• [To do]: Type the data below again exactly. Omit all pictures.

• [Records for the exercise]:

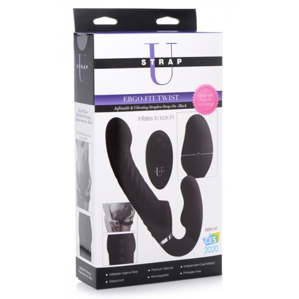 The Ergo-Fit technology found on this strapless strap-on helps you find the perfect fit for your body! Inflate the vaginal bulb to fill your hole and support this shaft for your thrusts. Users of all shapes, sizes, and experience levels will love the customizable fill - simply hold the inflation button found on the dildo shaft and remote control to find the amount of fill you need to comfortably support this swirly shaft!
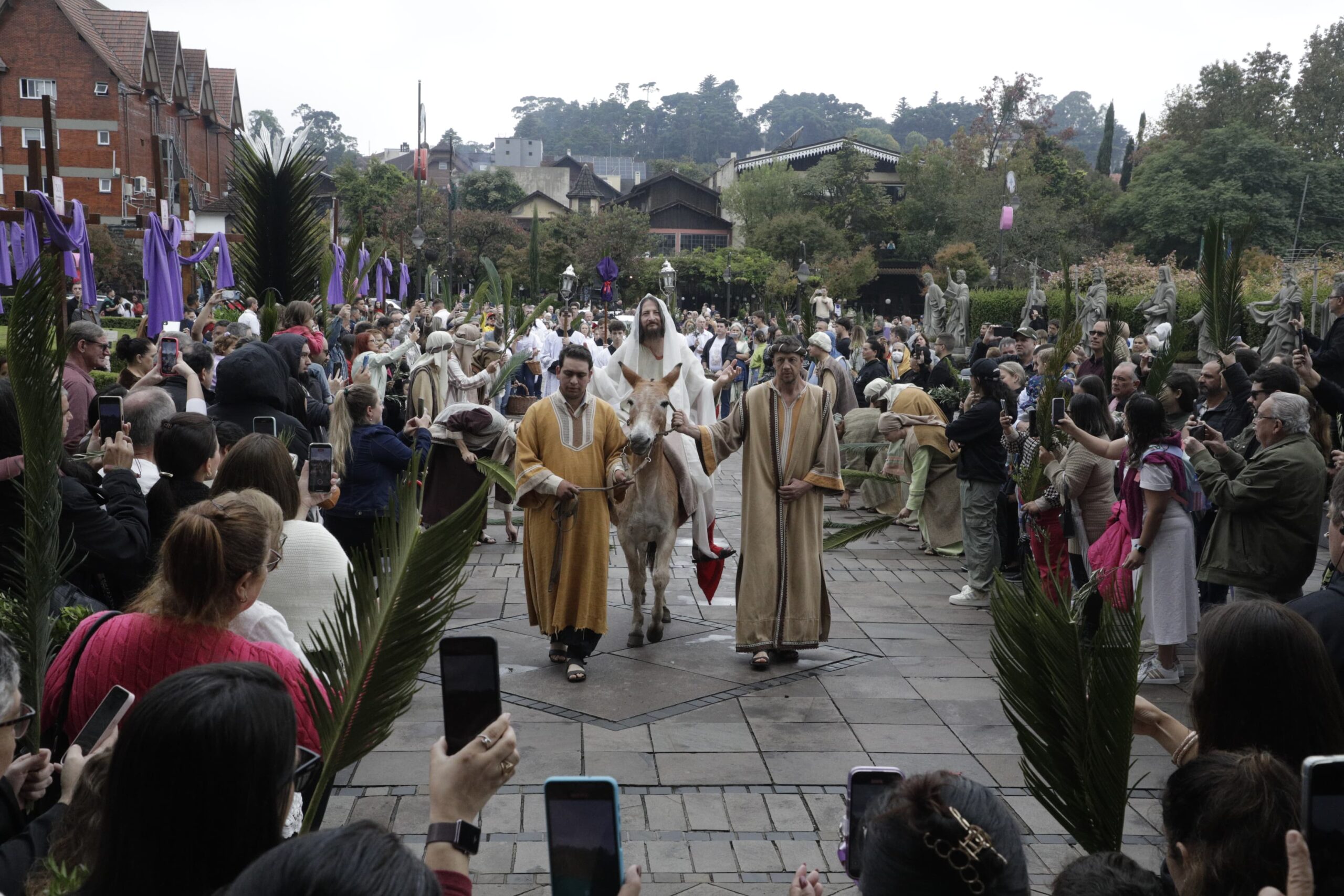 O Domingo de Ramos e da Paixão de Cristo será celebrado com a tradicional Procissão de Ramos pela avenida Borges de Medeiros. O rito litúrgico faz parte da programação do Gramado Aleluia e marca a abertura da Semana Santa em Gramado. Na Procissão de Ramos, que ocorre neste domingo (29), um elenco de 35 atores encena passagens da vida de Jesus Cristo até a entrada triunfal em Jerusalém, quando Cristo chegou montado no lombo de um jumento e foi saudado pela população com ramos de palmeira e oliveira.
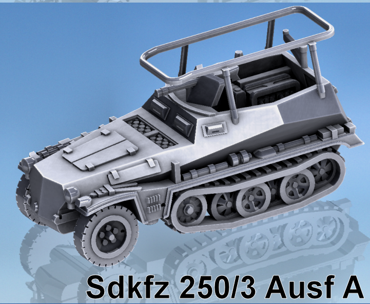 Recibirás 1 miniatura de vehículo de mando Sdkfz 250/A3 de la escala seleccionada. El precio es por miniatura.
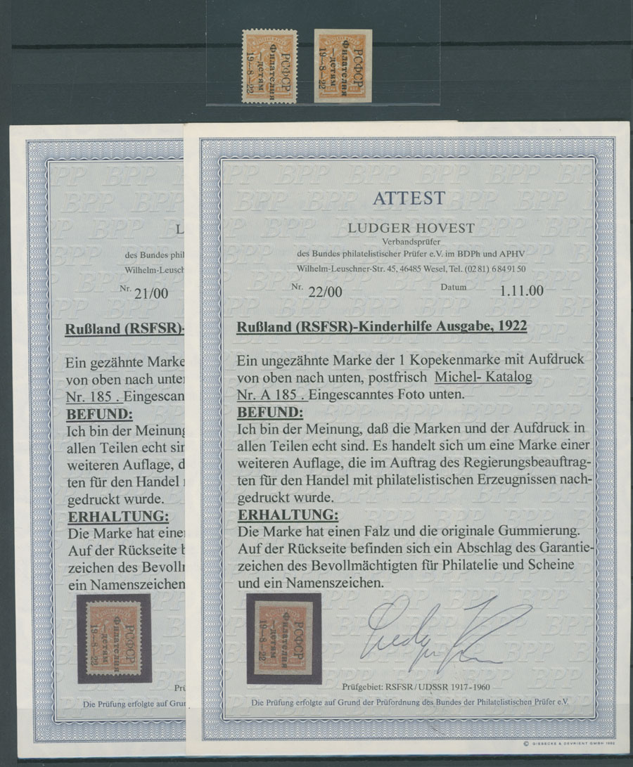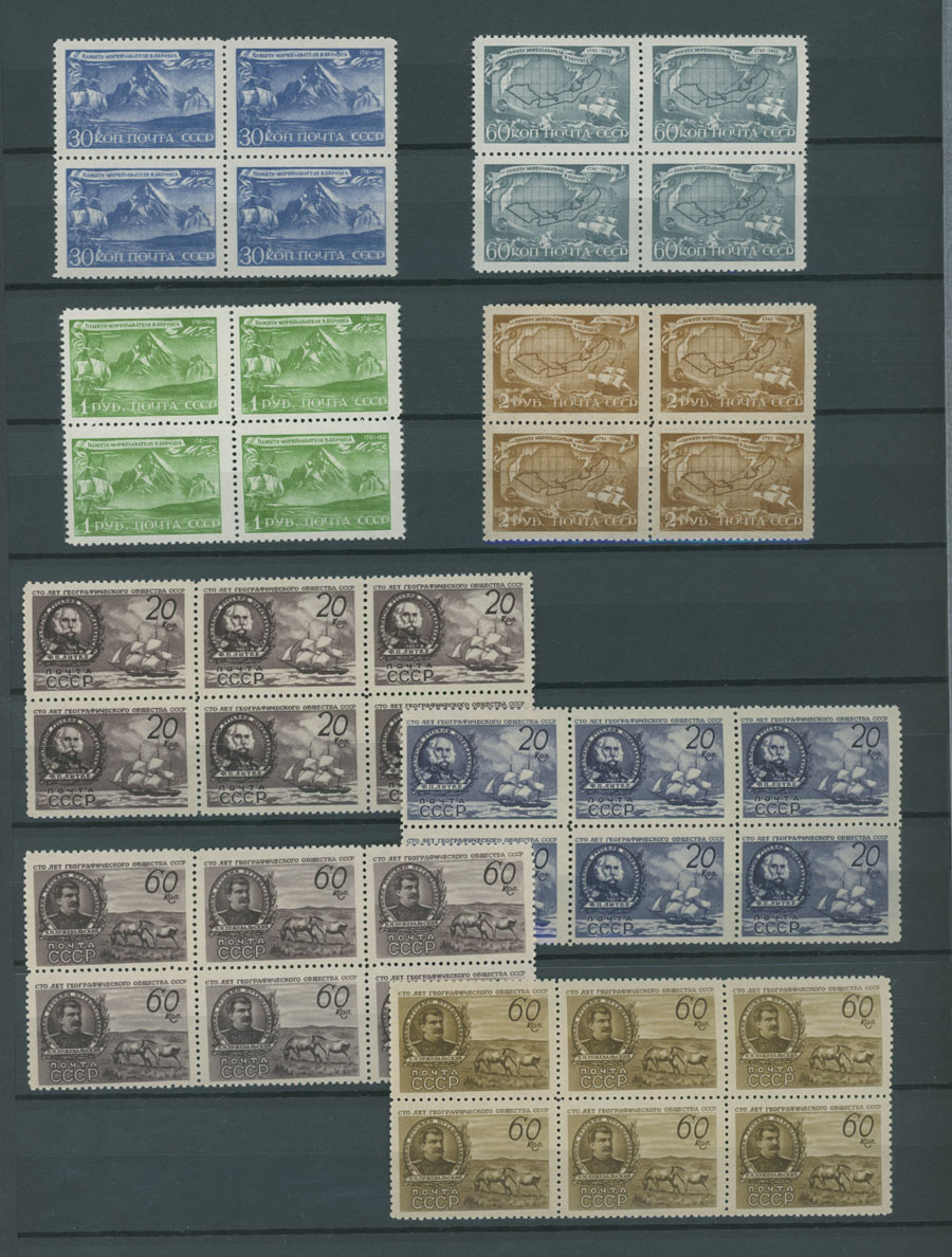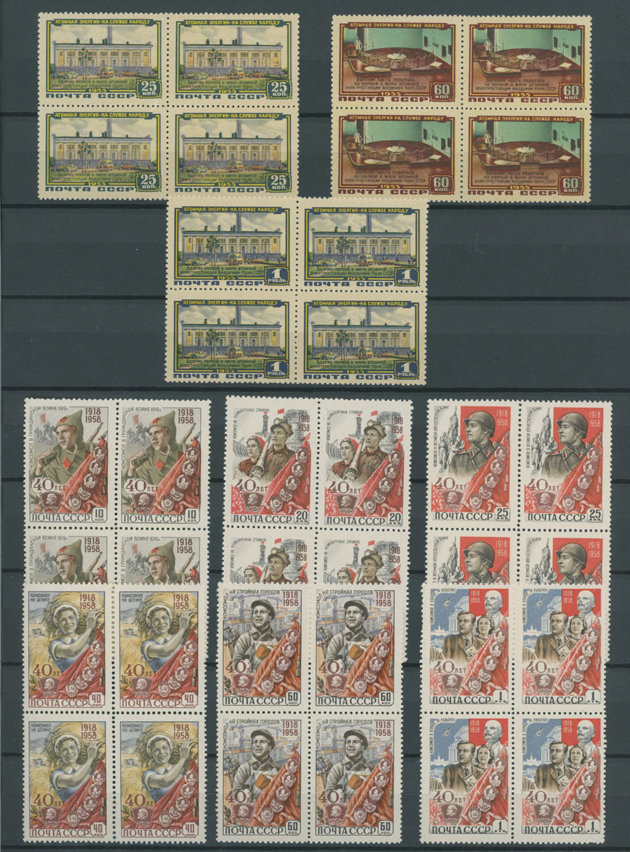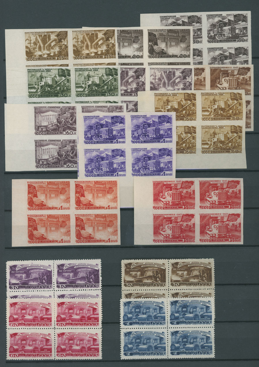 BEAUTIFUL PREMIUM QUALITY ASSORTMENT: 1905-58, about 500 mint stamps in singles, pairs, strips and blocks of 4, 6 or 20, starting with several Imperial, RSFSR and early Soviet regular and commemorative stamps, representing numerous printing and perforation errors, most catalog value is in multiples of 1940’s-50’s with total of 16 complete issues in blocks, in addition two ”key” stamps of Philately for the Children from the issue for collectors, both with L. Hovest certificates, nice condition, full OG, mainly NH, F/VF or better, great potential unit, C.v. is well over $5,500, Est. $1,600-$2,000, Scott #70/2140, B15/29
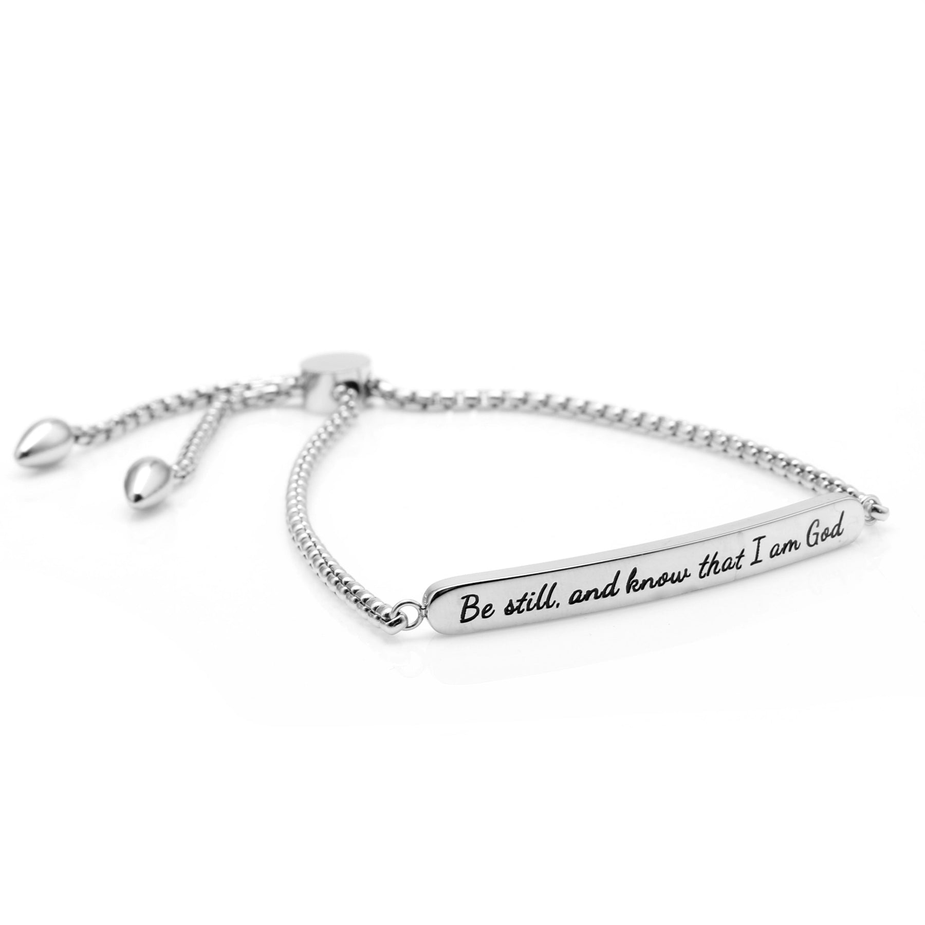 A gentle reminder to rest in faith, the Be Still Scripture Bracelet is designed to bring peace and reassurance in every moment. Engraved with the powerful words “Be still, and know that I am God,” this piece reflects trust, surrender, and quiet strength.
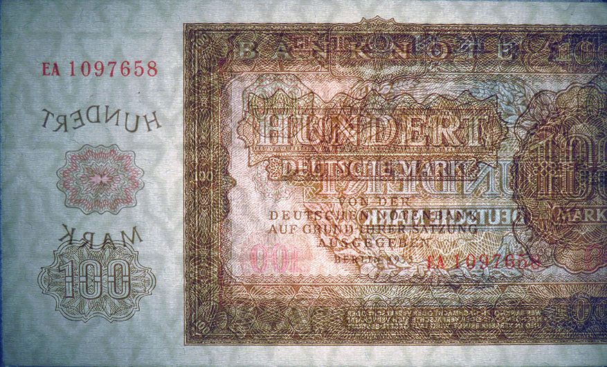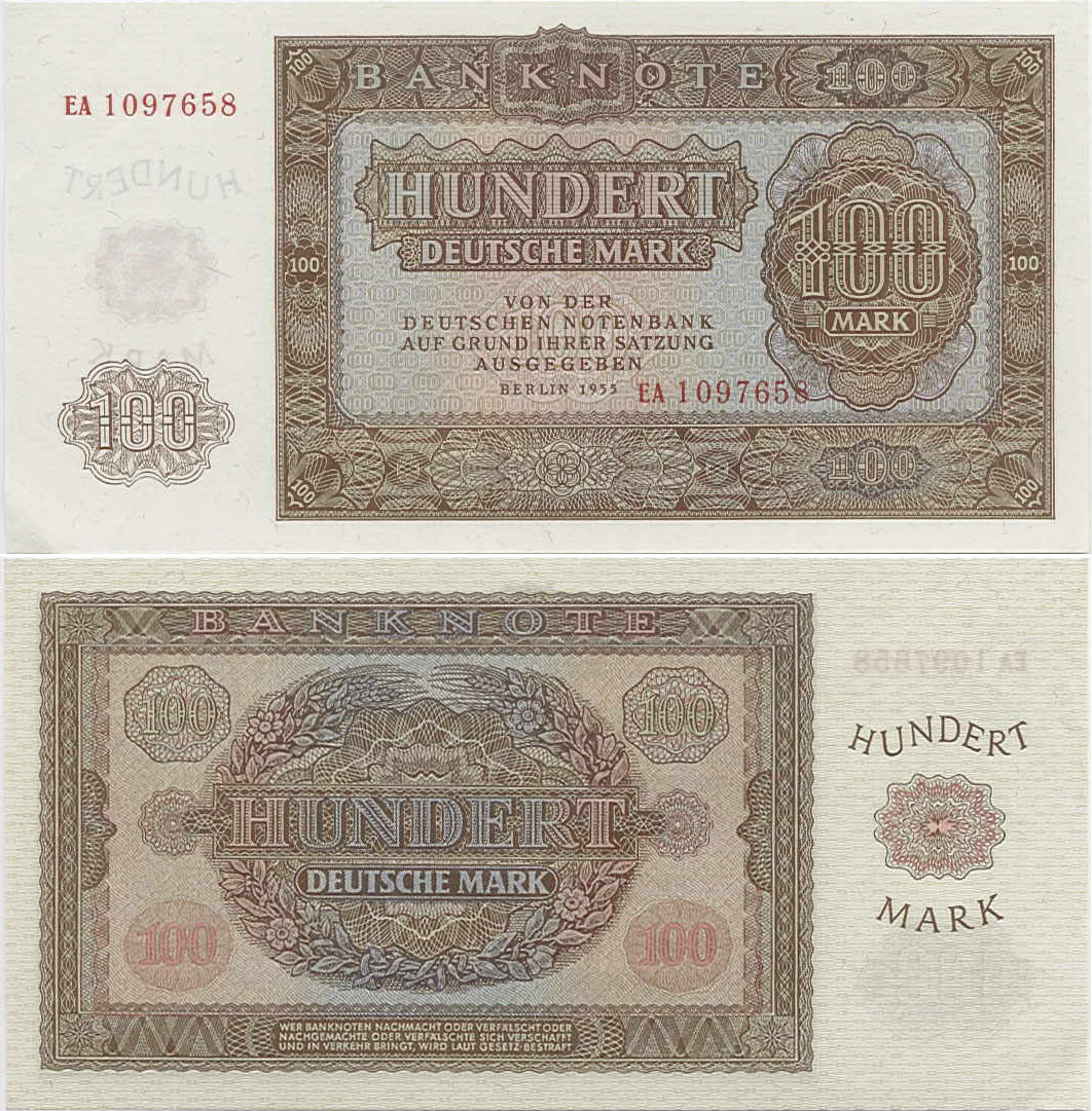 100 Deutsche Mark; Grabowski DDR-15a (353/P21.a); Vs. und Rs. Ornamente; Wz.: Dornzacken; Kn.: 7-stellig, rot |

• [Answer box]:
 The Ergo-Fit technology found on this strapless strap-on helps you find the perfect fit for your body! Inflate the vaginal bulb to fill your hole and support this shaft for your thrusts. Users of all shapes, sizes, and experience levels will love the customizable fill - simply hold the inflation button found on the dildo shaft and remote control to find the amount of fill you need to comfortably support this swirly shaft!
 O Domingo de Ramos e da Paixão de Cristo será celebrado com a tradicional Procissão de Ramos pela avenida Borges de Medeiros. O rito litúrgico faz parte da programação do Gramado Aleluia e marca a abertura da Semana Santa em Gramado. Na Procissão de Ramos, que ocorre neste domingo (29), um elenco de 35 atores encena passagens da vida de Jesus Cristo até a entrada triunfal em Jerusalém, quando Cristo chegou montado no lombo de um jumento e foi saudado pela população com ramos de palmeira e oliveira.
 Recibirás 1 miniatura de vehículo de mando Sdkfz 250/A3 de la escala seleccionada. El precio es por miniatura.
 BEAUTIFUL PREMIUM QUALITY ASSORTMENT: 1905-58, about 500 mint stamps in singles, pairs, strips and blocks of 4, 6 or 20, starting with several Imperial, RSFSR and early Soviet regular and commemorative stamps, representing numerous printing and perforation errors, most catalog value is in multiples of 1940’s-50’s with total of 16 complete issues in blocks, in addition two ”key” stamps of Philately for the Children from the issue for collectors, both with L. Hovest certificates, nice condition, full OG, mainly NH, F/VF or better, great potential unit, C.v. is well over $5,500, Est. $1,600-$2,000, Scott #70/2140, B15/29
 A gentle reminder to rest in faith, the Be Still Scripture Bracelet is designed to bring peace and reassurance in every moment. Engraved with the powerful words “Be still, and know that I am God,” this piece reflects trust, surrender, and quiet strength.
 100 Deutsche Mark; Grabowski DDR-15a (353/P21.a); Vs. und Rs. Ornamente; Wz.: Dornzacken; Kn.: 7-stellig, rot |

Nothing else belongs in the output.